# REQUIRED WORK:
Any picture must be dropped, but each line of the data should be duplicated exactly.

[Opening DATA SECTION section]

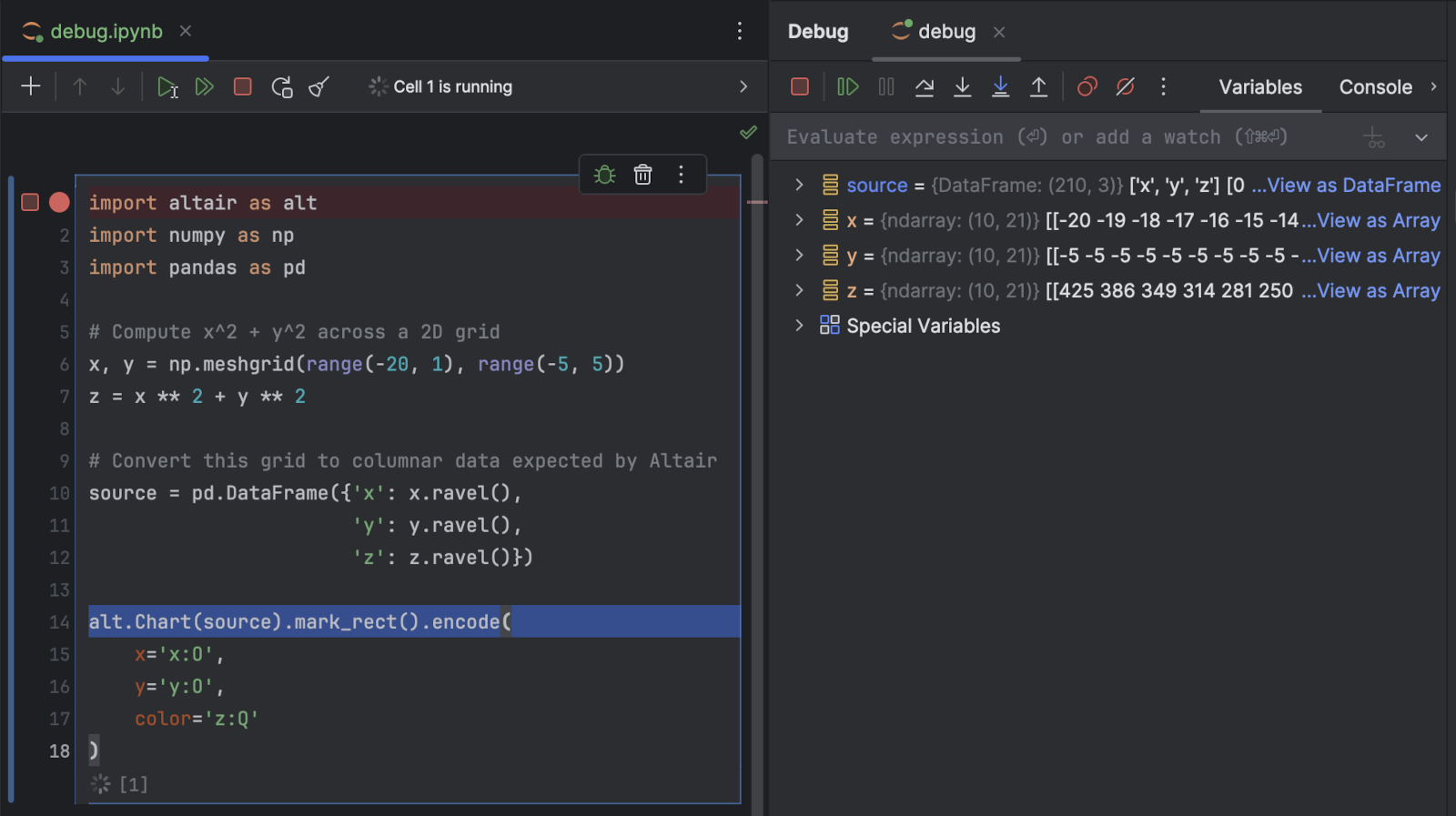 Jupyter Notebook 的 Variables(变量)工具窗口现已支持按名称或类型排序,其中 DataFrame 始终显示在顶部,方便您快速定位并打开大型表数据。
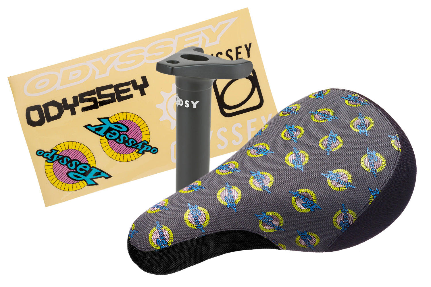 If you're a fan of the Tripod system and Odyssey nostalgia, you're in luck! We've put together this Retro combo of existing product in our warehouse. 80's logo seat, Tripod post and retro sticker sheet. Grab one while you can!
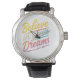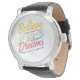 Uma design divertida e encorajadora que mostra o texto "Acredite em seus sonhos" em uma letra colorida e escrita à mão, representando a energia e o impulso necessários para atingir seus objetivos.
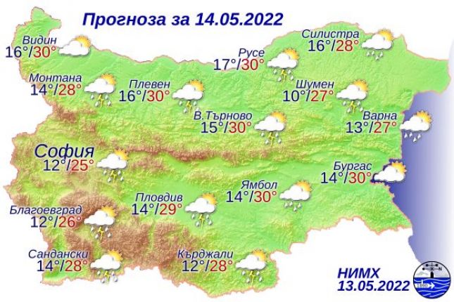 Утре през страната ще премине студен атмосферен фронт. Още преди обяд вятърът ще се ориентира от северозапад, в Източна България - от североизток и с него ще започне да прониква хладен въздух. Въздушната маса ще е неустойчива, ще се развива купеста и купесто-дъждовна облачност. На много места от северозапад на югоизток ще превали краткотраен дъжд с гръмотевици. По приземната линията на фронта ще има локални интензивни валежи, градушки и временно усилване на вятъра. Дневните температури слабо ще се понижат и преобладаващите максимални ще бъдат 25° и 30°, в София около 25°.

[Closing DATA SECTION section]

# ANSWER SPACE:
 Jupyter Notebook 的 Variables(变量)工具窗口现已支持按名称或类型排序,其中 DataFrame 始终显示在顶部,方便您快速定位并打开大型表数据。
 If you're a fan of the Tripod system and Odyssey nostalgia, you're in luck! We've put together this Retro combo of existing product in our warehouse. 80's logo seat, Tripod post and retro sticker sheet. Grab one while you can!
 Uma design divertida e encorajadora que mostra o texto "Acredite em seus sonhos" em uma letra colorida e escrita à mão, representando a energia e o impulso necessários para atingir seus objetivos.
 Утре през страната ще премине студен атмосферен фронт. Още преди обяд вятърът ще се ориентира от северозапад, в Източна България - от североизток и с него ще започне да прониква хладен въздух. Въздушната маса ще е неустойчива, ще се развива купеста и купесто-дъждовна облачност. На много места от северозапад на югоизток ще превали краткотраен дъжд с гръмотевици. По приземната линията на фронта ще има локални интензивни валежи, градушки и временно усилване на вятъра. Дневните температури слабо ще се понижат и преобладаващите максимални ще бъдат 25° и 30°, в София около 25°.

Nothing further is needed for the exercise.